Replies are listed 'Best First'.
Re: Matching part of a path
by Aristotle (Chancellor) on Dec 16, 2003 at 07:11 UTC
    Most of the time you should use File::Spec to manipulate paths. It has been bundled with Perl for forever, so there's no reason not to.
    use File::Spec::Functions qw(canonpath splitdir); my (@path) = splitdir canonpath $path; # @path now contains ('', 'home', 'a', 'ff.pl') print $path[2], "\n";
    But just as a point of interest, you have two alternatives: a regex-only solution would be simply
    my ($userhome) = ($path =~ m!^/home/([^/]+)!);
    This will match a string that starts with /home/, followed by at least one character that is not a slash, and will capture all these non-slash characters. The other way would be to split on slashes:
    my @path = split m!/!, $path; # @path is now ('', 'home', 'a', 'ff.pl') print $path[2], "\n";

    Note how I used $path instead of your $a. This is for two reasons - first of all, $a and $b carry a special meaning for the sort function in Perl, so you shouldn't use them elsewhere. And secondly, $a is not very descriptive. Variables and functions should always have descriptive names, lest you find yourself boggling at your own code after putting it aside for two weeks.

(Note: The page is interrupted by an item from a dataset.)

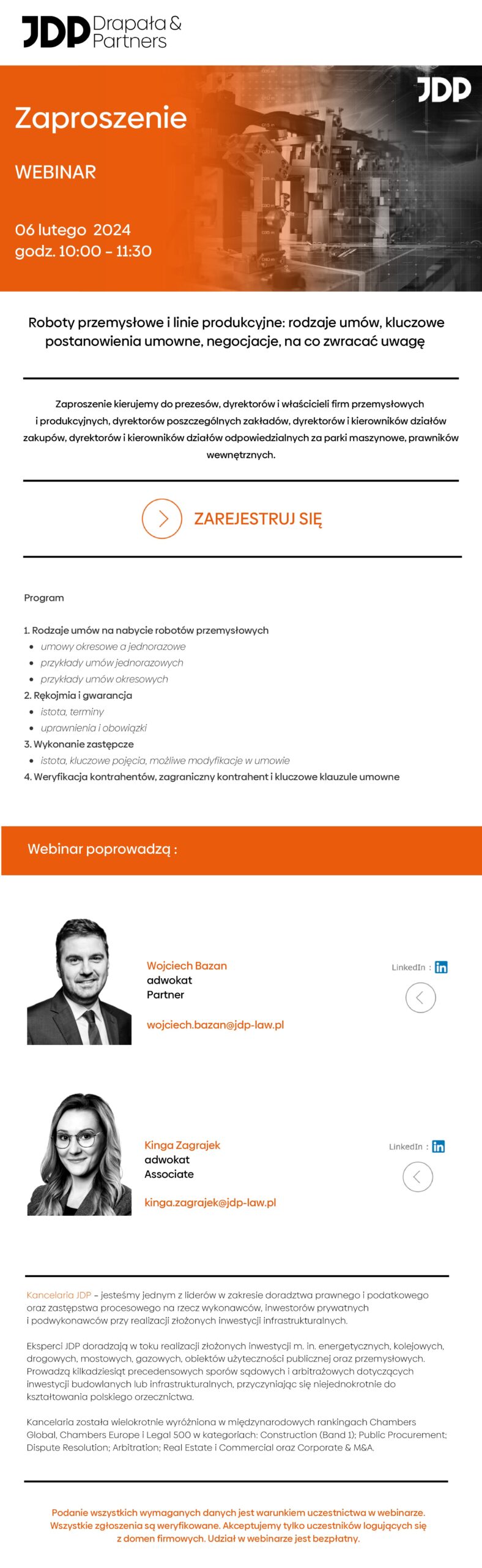 Roboty przemysłowe i linie produkcyjne: rodzaje umów, kluczowe postanowienia umowne, negocjacje | Webinar JDP | 06.02.24 REJESTRACJA
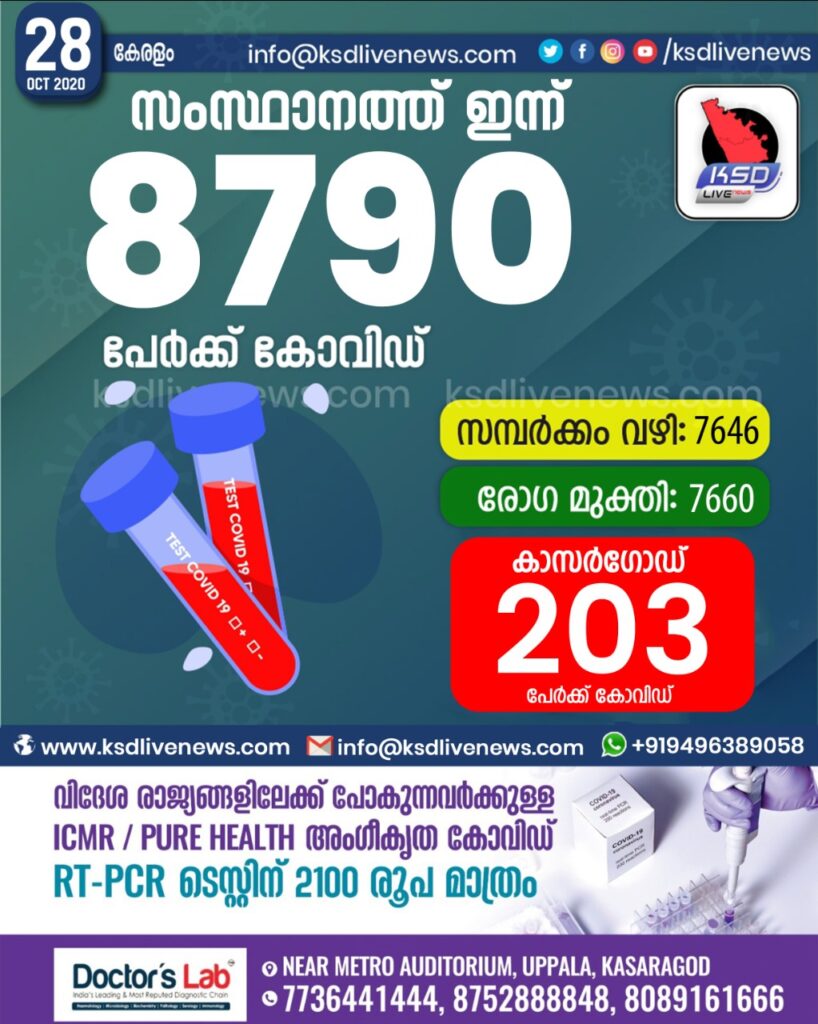 പിടിവിടാതെ കോവിഡ് : സംസ്ഥാനത്ത് ഇന്ന് 8790 പേർക്ക് കോവിഡ് സ്ഥിരീകരിച്ചു. സമ്പർക്കം വഴി 7646 പേർക്കും.രോഗ മുക്തി 7660 പേർക്കും. കാസർഗോഡ് ജില്ലയിൽ ഇന്ന് 203 പേർക്ക് കോവിഡ് സ്ഥിരീകരിച്ചു. മരണം 27

    Also note how I used m!! instead of // to delimit the regular expressions. If you explicitly mention the m, Perl allows you to pick something other than forward slashes as delimiters, so you won't need to backwhack forward slashes inside the pattern. This is very handy to avoid "leaning toothpick syndrome". This and more is described in perldoc perlop.

    Makeshifts last the longest.

      Note how I used $path instead of your $a. This is for two reasons - first of all, $a and $b carry a special meaning for the sort function in Perl, so you shouldn't use them elsewhere. And secondly, $a is not very descriptive. Variables and functions should always have descriptive names, lest you find yourself boggling at your own code after putting it aside for two weeks.

      Is this really true? You could use in sort $me and $my as well (any for that matter)? It should complain though if you are using scalars you've set up before (like doing double my).
        Quoting perldoc -f sort:
        If the subroutine's prototype is ($$), the elements to be compared are passed by reference in @_, as for a normal subroutine. This is slower than unprototyped subroutines, where the elements to be compared are passed into the subroutine as the package global variables $a and $b (see example below). Note that in the latter case, it is usually counter-productive to declare $a and $b as lexicals.
        Perl only complains when you try to doubly declare a lexical variable name in the same scope. The following won't produce a complaint:
        use strict; use warnings; my $foo; { my $foo; }

        Makeshifts last the longest.

Re: Matching part of a path
by edoc (Chaplain) on Dec 16, 2003 at 07:00 UTC
    $a =~ /^(\/home\/)(\S+).*$/

    (\S+) will capture one or more non-space characters, so you get your 'a/ff.pl'

    $a =~ /^(\/home\/)(\W)(\S+).*$/

    (\W) will capture a single non word character, so it gets nothing.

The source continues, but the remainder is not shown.